THE PROBLEM ▸ From start to end, write out the following data exactly, apart from its images.

DATA ▸
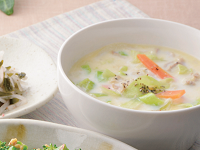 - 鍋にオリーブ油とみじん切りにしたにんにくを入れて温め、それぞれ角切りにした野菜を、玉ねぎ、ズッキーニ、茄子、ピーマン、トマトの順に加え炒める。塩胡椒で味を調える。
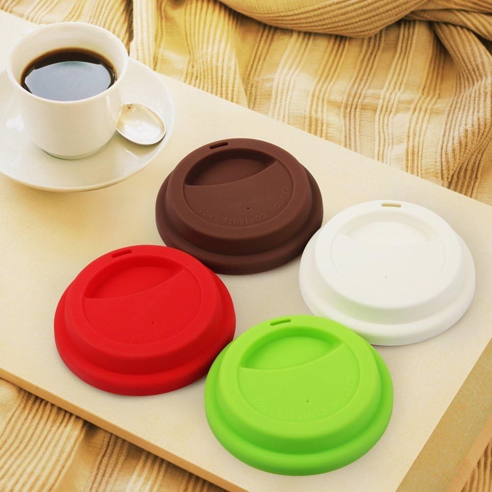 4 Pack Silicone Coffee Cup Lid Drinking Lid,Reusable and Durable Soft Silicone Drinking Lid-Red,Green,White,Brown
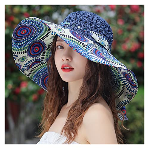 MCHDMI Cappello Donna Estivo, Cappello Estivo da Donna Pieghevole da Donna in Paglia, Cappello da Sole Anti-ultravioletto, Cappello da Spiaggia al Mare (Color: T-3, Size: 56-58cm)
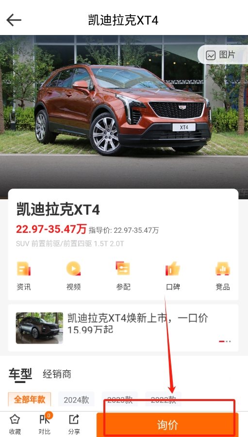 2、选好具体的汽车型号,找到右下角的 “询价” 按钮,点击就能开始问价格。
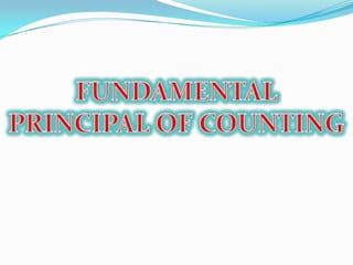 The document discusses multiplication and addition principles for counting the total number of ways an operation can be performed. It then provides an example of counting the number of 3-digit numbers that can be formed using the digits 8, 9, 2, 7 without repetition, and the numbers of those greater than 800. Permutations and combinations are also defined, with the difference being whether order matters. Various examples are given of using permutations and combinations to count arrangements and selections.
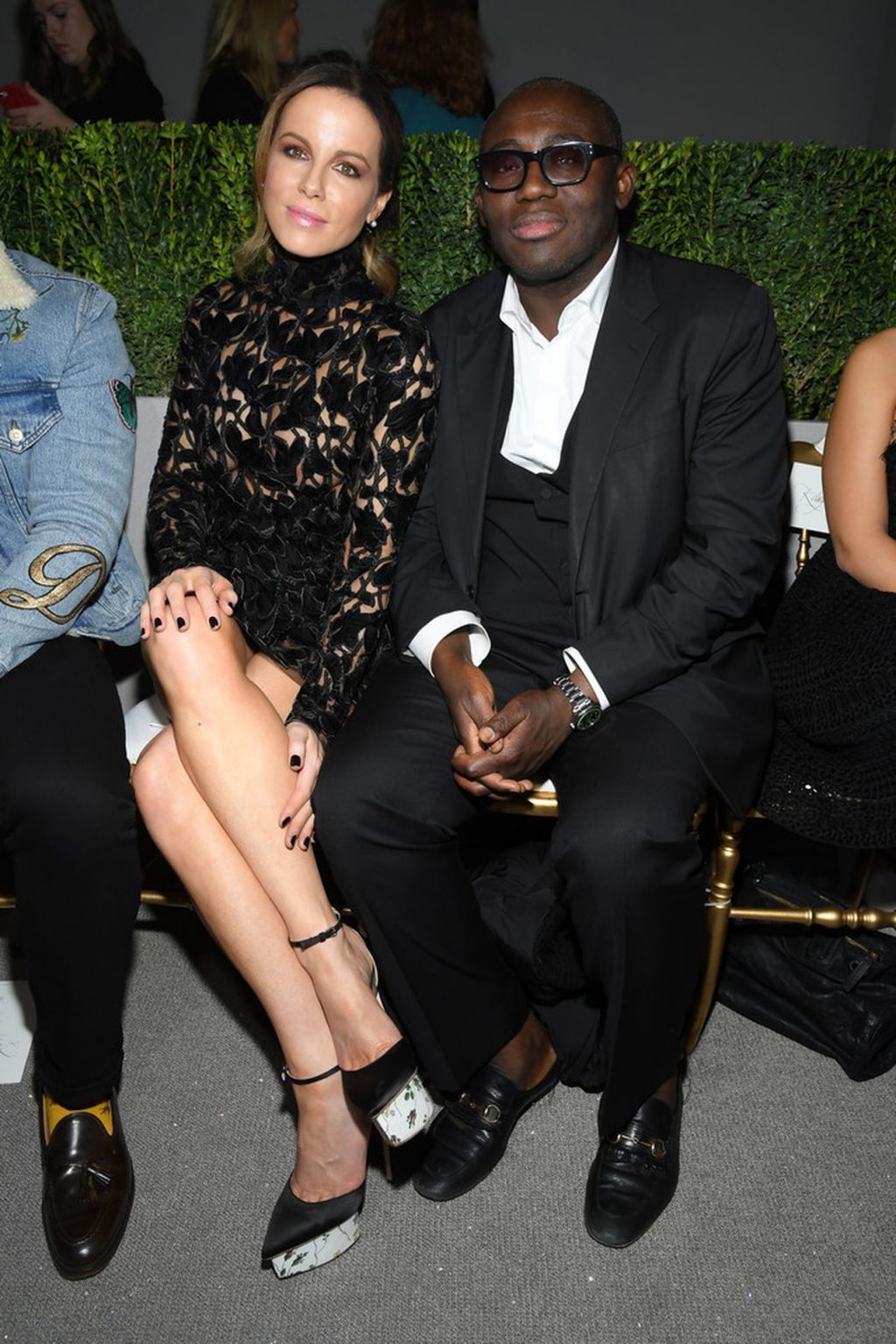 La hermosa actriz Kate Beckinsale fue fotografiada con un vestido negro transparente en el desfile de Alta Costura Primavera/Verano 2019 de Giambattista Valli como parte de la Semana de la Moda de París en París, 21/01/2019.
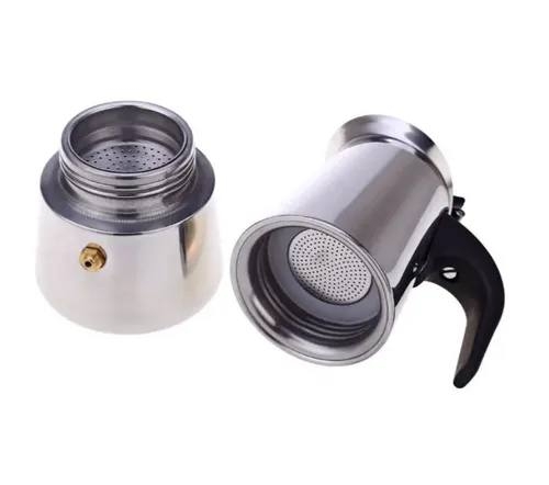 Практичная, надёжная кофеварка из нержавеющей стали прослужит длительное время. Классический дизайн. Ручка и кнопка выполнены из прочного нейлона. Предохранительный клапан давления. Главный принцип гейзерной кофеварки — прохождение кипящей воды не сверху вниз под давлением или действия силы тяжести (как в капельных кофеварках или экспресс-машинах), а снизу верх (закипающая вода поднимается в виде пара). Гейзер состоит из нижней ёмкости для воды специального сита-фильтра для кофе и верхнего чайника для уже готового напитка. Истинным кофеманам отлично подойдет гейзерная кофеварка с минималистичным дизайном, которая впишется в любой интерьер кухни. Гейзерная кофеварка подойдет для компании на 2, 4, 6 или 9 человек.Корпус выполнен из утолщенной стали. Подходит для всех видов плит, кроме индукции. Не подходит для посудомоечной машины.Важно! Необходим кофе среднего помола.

TASK SOLUTION ▸
 - 鍋にオリーブ油とみじん切りにしたにんにくを入れて温め、それぞれ角切りにした野菜を、玉ねぎ、ズッキーニ、茄子、ピーマン、トマトの順に加え炒める。塩胡椒で味を調える。
 4 Pack Silicone Coffee Cup Lid Drinking Lid,Reusable and Durable Soft Silicone Drinking Lid-Red,Green,White,Brown
 MCHDMI Cappello Donna Estivo, Cappello Estivo da Donna Pieghevole da Donna in Paglia, Cappello da Sole Anti-ultravioletto, Cappello da Spiaggia al Mare (Color: T-3, Size: 56-58cm)
 2、选好具体的汽车型号,找到右下角的 “询价” 按钮,点击就能开始问价格。
 The document discusses multiplication and addition principles for counting the total number of ways an operation can be performed. It then provides an example of counting the number of 3-digit numbers that can be formed using the digits 8, 9, 2, 7 without repetition, and the numbers of those greater than 800. Permutations and combinations are also defined, with the difference being whether order matters. Various examples are given of using permutations and combinations to count arrangements and selections.
 La hermosa actriz Kate Beckinsale fue fotografiada con un vestido negro transparente en el desfile de Alta Costura Primavera/Verano 2019 de Giambattista Valli como parte de la Semana de la Moda de París en París, 21/01/2019.
 Практичная, надёжная кофеварка из нержавеющей стали прослужит длительное время. Классический дизайн. Ручка и кнопка выполнены из прочного нейлона. Предохранительный клапан давления. Главный принцип гейзерной кофеварки — прохождение кипящей воды не сверху вниз под давлением или действия силы тяжести (как в капельных кофеварках или экспресс-машинах), а снизу верх (закипающая вода поднимается в виде пара). Гейзер состоит из нижней ёмкости для воды специального сита-фильтра для кофе и верхнего чайника для уже готового напитка. Истинным кофеманам отлично подойдет гейзерная кофеварка с минималистичным дизайном, которая впишется в любой интерьер кухни. Гейзерная кофеварка подойдет для компании на 2, 4, 6 или 9 человек.Корпус выполнен из утолщенной стали. Подходит для всех видов плит, кроме индукции. Не подходит для посудомоечной машины.Важно! Необходим кофе среднего помола.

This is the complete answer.